The cluster-based file system of the MailStore is built using the CFS to provide atomic local storage volumes, and the CHT maintains the mappings from partitions to replica groups, and from replica groups to MailStore clones. It uses the 2PC library to update the replicas. This gives us a replicated cluster file system with very little application code. There are no "directories" in the file system; the only index on files is the global hash table that maps replica groups to storage nodes.
In this section, we use the above applications to evaluate each of our goals: scalability, high availability, graceful degradation, online evolution, range of semantics, and ease of service authoring.
For scalability, the overall goal is to support a very large number of users. For most services this corresponds directly to the number of simultaneous connections, including the web server, IM server and music server. For NinjaMail, scalability is tied more directly to messages per second. Ninja also supports linear scaling of database size, which comes directly from simple partitioning; we have built services using the CHT with more than 1TB of storage and over 100 nodes [GBH+00] .

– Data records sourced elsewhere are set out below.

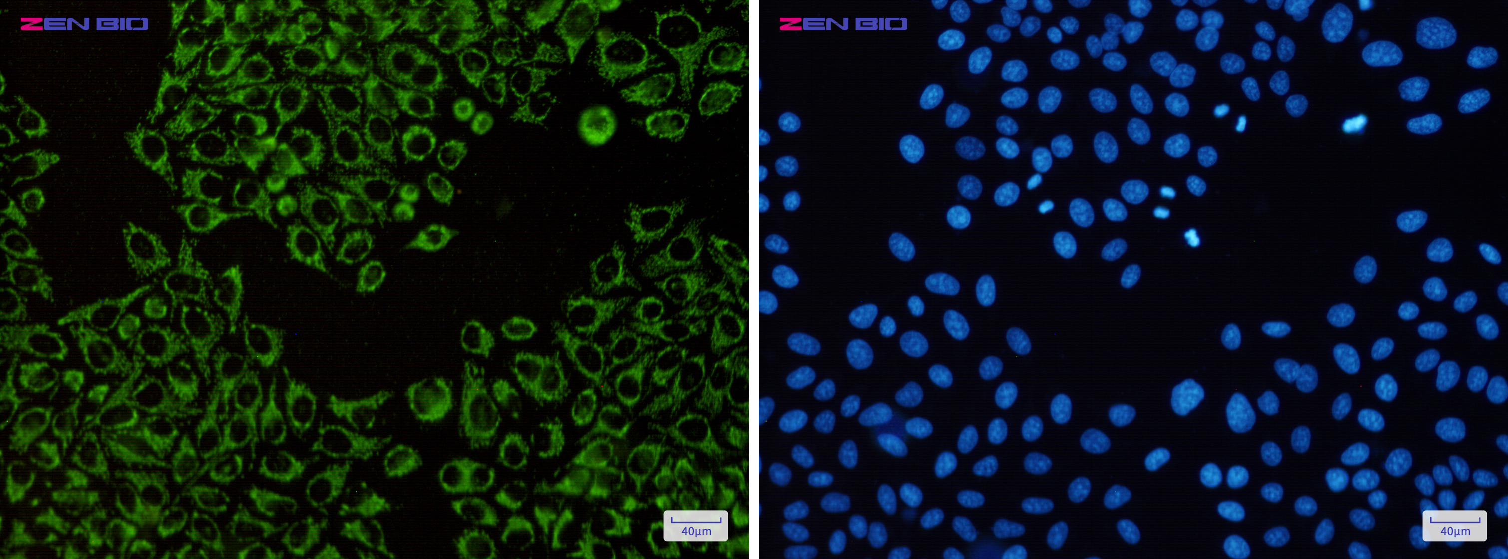 Immunocytochemistry of ATPB(green) in Hela cells using ATPB Rabbit pAb at dilution 1/50, and DAPI(blue)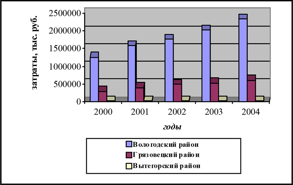 Продуктивное сельское хозяйство в современном мире не может существовать без участия государства. В разных регионах оно организуется по-разному. Например, рассматривая ситуацию 2000 года по Вологодской области всего было выделено затрат на производство продукции сельского хозяйства порядка 4 млн. рублей. Наибольшая доля финансирования была направлена на Вологодский район – 32 % от общей суммы затрат, второе место по объему финансирования занимает Грязовецкий район – 8 %, а менее всего финансируется Вытегорский район – 0,6 %. Финансирование в 2004 году увеличилось на 85 %. Прослеживается общая тенденция увеличения объёма затрат на производство продукции сельского хозяйства (рис. 1, 2).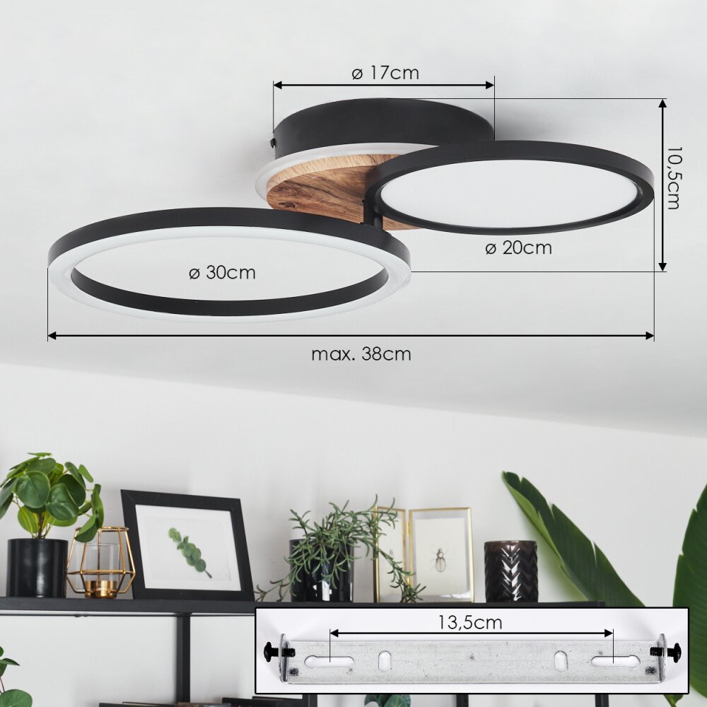 Falmir Plafondlamp LED houtlook, Zwart, 1-licht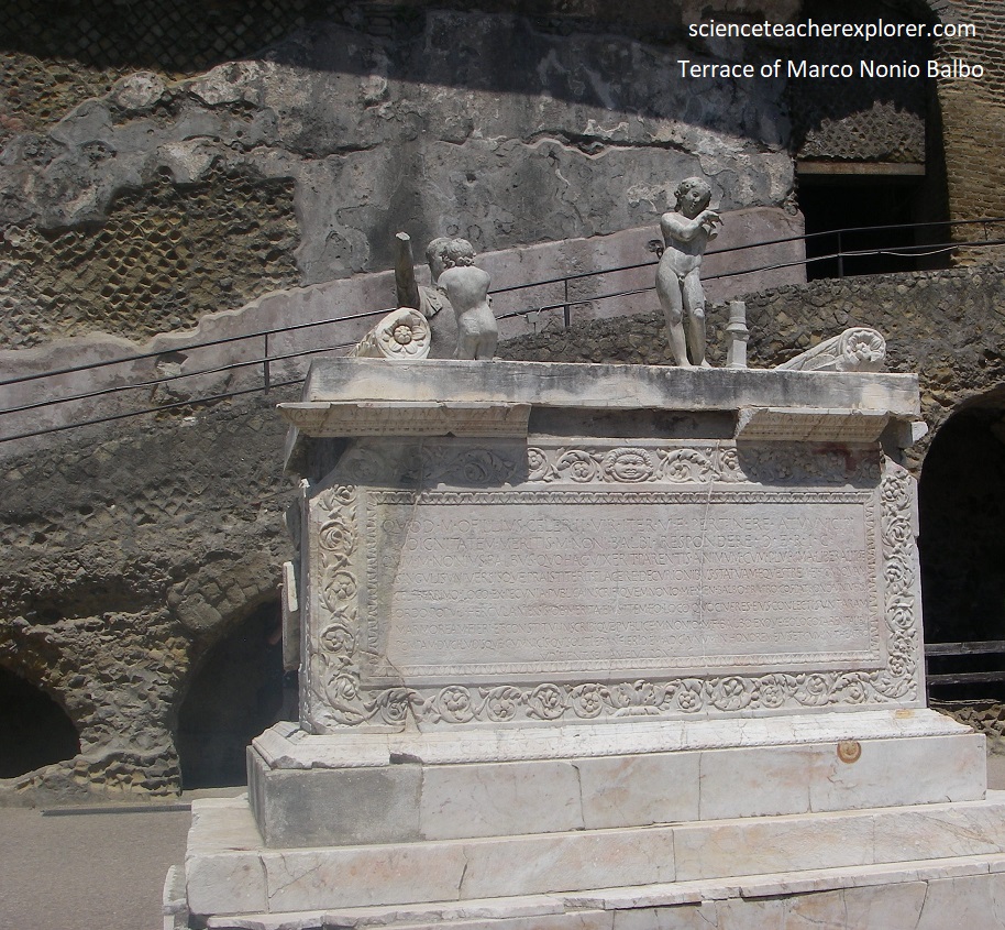 Pictured above, the funeral monument was completed by 2 beautiful sleeping in infants, holding torches head downwards. Behind the altar, on another marble base, was the heroic statue of M. Nonius Balbus in armor, set up by his freedman M. Nonius Volusianus.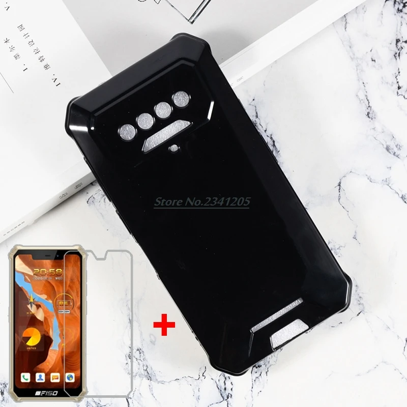 Чехол-накладка для Oukitel F150, B2021, черный чехол ТПУ, с закаленным стеклом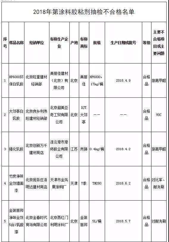 涂料经讯 9月25日,北京市工商局公示流通领域涂料胶粘剂商品质量抽检结果。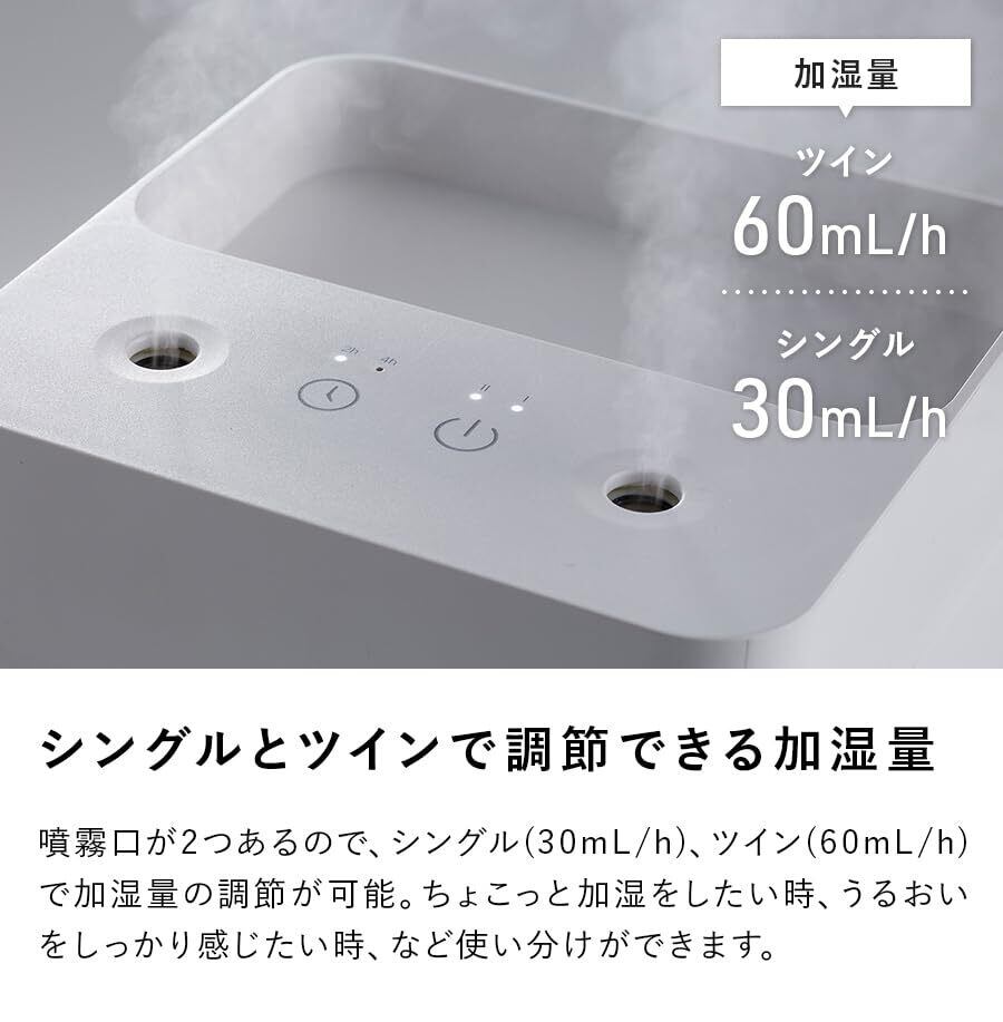 最大加湿量:ツイン/60ml/h、シングル/30ml/h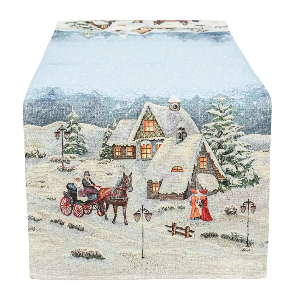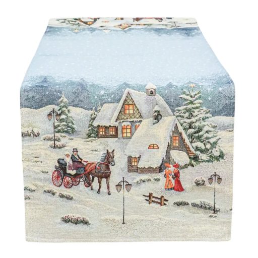 Ez a gyönyörű karácsonyi asztali futó igazi téli mesevilágot varázsol az ünnepi asztalra. Közepén hóeséssel borított égbolt található, míg a két végén aprólékosan kidolgozott, havas táj díszíti a terméket. A hóval borított házikók, lovaskocsik, és karácsonyi hangulatú jelenetek idilli, nosztalgikus atmoszférát teremtenek, tökéletesen illeszkedve az ünnepi asztalhoz. Esztétikus választás azoknak, akik szeretik a klasszikus, hagyományos karácsonyi dekorációkat.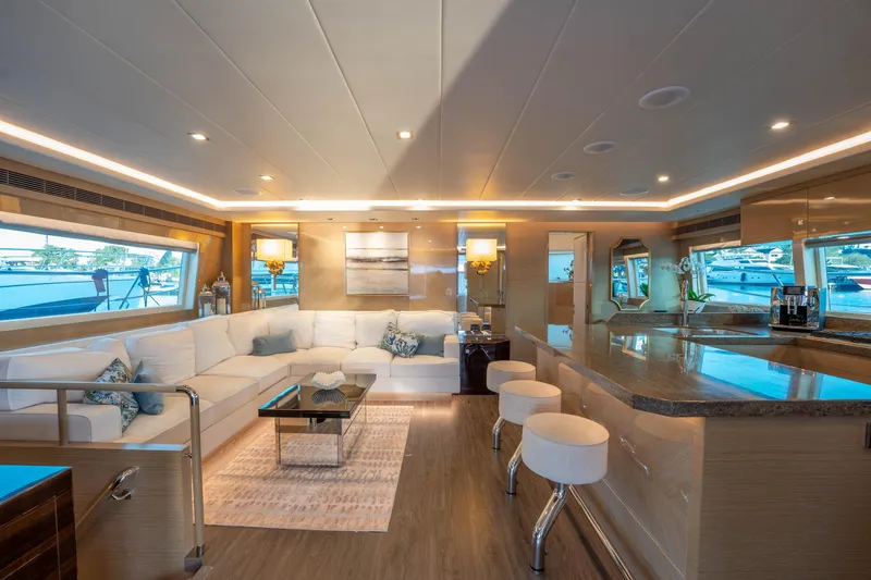 This 2021 Horizon PC60 features the highly sought-after on-deck, full-beam master stateroom and a fully enclosed skylounge flybridge complete with a convenient day head, creating an ideal layout for both extended cruising and entertaining. Powered by twin MAN 800HP engines, recently completing their full 4-year service, the vessel delivers confident performance with exceptional reliability. Accommodations include four staterooms and four heads, offering generous space and privacy for owners and guests alike.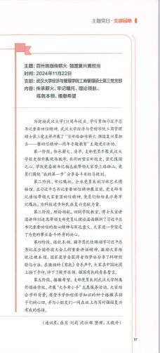 近期,av直播工商管理硕士第三党支部的组织生活案例“百卅珞珈传薪火,强国复兴勇担当”成功入选湖北省委组织部主办的《党员生活》杂志2025年2月上期(总第742期)。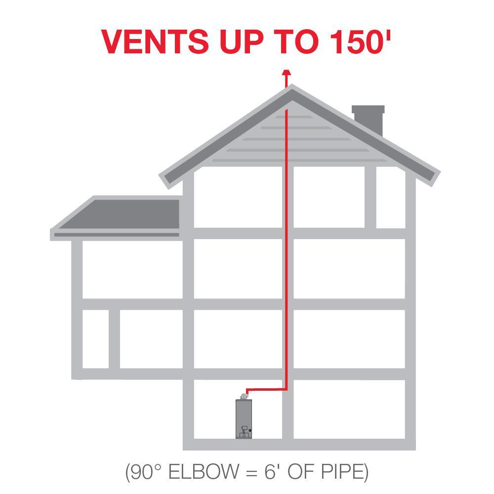 • Gas power vent water heaters offer flexible venting options using PVC, ABS, or CPVC vent pipe options with either vertical or horizontal termination

Figure 8 shows the scalability of NinjaMail in a message receipt, storage, and retrieval test. Each cluster node functions both as a front-end for SMTP and POP, and as a member of the CHT. The cluster nodes used for this experiment were 2-way SMPs with 500-Mhz processors and 512 MB of RAM, running Linux 2.4.7. Each test was performed with a user base of 1 million times the cluster size. Our test harness executes a simple loop. It first selects a random user and node, and submits a 4K message. Next, it selects another random user and node, and uses POP to read and delete all messages for that user. The per-node performance is excellent, at about 14 times the performance of a typical sendmail setup on the same hardware (for the message receipt portion), perhaps due the efficiency of the CHT for metadata. Extrapolating, we expect NinjaMail (as is) should be able to handle the Yahoo! mail workload, about 12 billion messages per month [Yah01] , with a cluster of around 100 nodes.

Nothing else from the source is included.